Maybe I don't really understand the Durable feat, but it just seems to prevent poor rolling when spending Hit Dice to heal.

But you never took a short rest? So many great class features re-charge on a short rest!!! :-O

it was when 5th first came out every one exept me were avid 3.5 players so the only rests we ever took were long rests and long rests fully heal you so theres no need to roll hitdie to regain hp thus making the feat completely useless
Healing up during a short rest is fine, but I like how it recharges bards, clerics, fighters, monks, paladins, warlocks, and wizards.
i thought only warlocks got stuff back on a short rest

Nope!

After 5th level, bards regain Bardic Inspiration, clerics regain Divine Channels, Druids regain Wildshape (and some get Natural Recovery too!), Fighters regain Action Surge, Monks regain Ki points, Paladins regain Divine Channels, Warlocks get all their spell slots back, and Wizards get Arcane Recovery.

is that from newer books? cuz i dont remember that from the core book

No that's from the core book.

One of the balancing features across classes is when their abilities recharge - after a short rest is obviously better, but the degree to which it is better does depend a lot on the playstyle of the group and the structure of the adventures.

The default assumption is half a dozen encounters with one or two short rests (so one would expect to play through three encounters and then the SR abilities would recharge, then another three before LR abilities are recharged).

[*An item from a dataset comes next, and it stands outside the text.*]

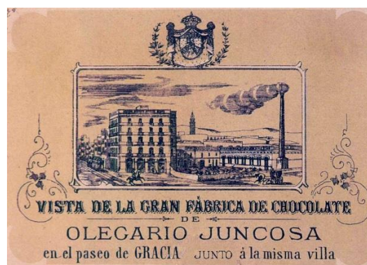
Fàbrica xocolates Juncosa

No va ser fins a finals de l'any 1911, quan van finalitzar les obres de la seva construcció i la família Fuster-Fabra (el matrimoni amb el seus quatre fills) s'hi van poder traslladar a viure. Com s'acostumava a fer en aquella època, la família propietària s'instal·lava a la planta principal de l'edifici (actual primer pis), i disposaven de la resta de l'edifici per a llogar, i així poder contribuir a liquidar les despeses del manteniment de tot l'edifici, amb les rendes obtingudes dels lloguers.

It's not always possible to take a short rest - some of the internet discussion assumes those are 'encounter powers' a la 4E, but due to the hour that it takes, that's not really true.

With the DM running the game you were in, it sounds like those classes whose abilities can be used after a SR lost a bit of their oomph. 1.2 encounters a day means what - every five days you had two encounters but the rest were single encounters? There's pretty much no reason for everybody not to spend all their powers each battle in that sort of campaign, which means the warlock's rapid recharge doesn't really balance their extreme lack of spellcasting slots.


Steve Geddes wrote:

No that's from the core book.

One of the balancing features across classes is when their abilities recharge - after a short rest is obviously better, but the degree to which it is better does depend a lot on the playstyle of the group and the structure of the adventures.

The default assumption is half a dozen encounters with one or two short rests (so one would expect to play through three encounters and then the SR abilities would recharge, then another three before LR abilities are recharged).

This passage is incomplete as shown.